Source records:
══════
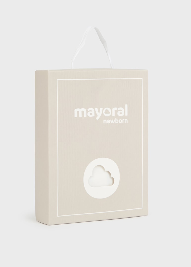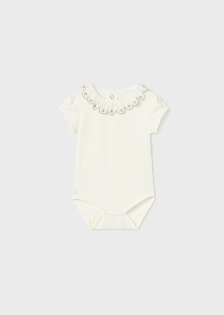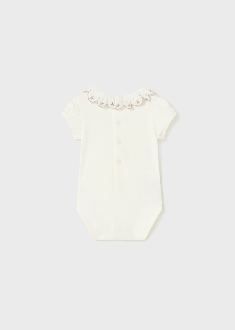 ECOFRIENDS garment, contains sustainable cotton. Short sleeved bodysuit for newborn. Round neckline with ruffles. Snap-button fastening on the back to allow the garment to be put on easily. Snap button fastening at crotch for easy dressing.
══════
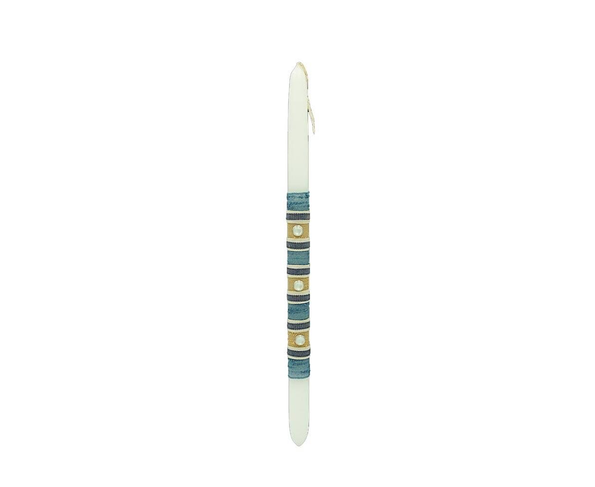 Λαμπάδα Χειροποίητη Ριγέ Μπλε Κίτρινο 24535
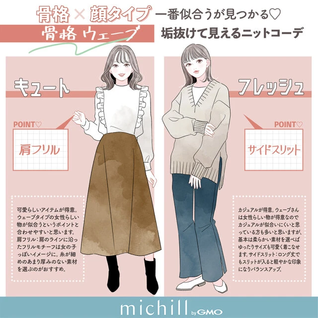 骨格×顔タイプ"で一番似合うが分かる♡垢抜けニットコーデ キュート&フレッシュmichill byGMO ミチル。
══════
Within the entries above, give again exactly the lines starting at the one that contains "Λαμπάδα Χειροποίητη Ριγέ Μπλε Κίτρινο 24535" and ending at the one that contains "キュート&フレッシュmichill byGMO ミチル。", leaving out the pictures.

Response to this exercise:
 Λαμπάδα Χειροποίητη Ριγέ Μπλε Κίτρινο 24535
 骨格×顔タイプ"で一番似合うが分かる♡垢抜けニットコーデ キュート&フレッシュmichill byGMO ミチル。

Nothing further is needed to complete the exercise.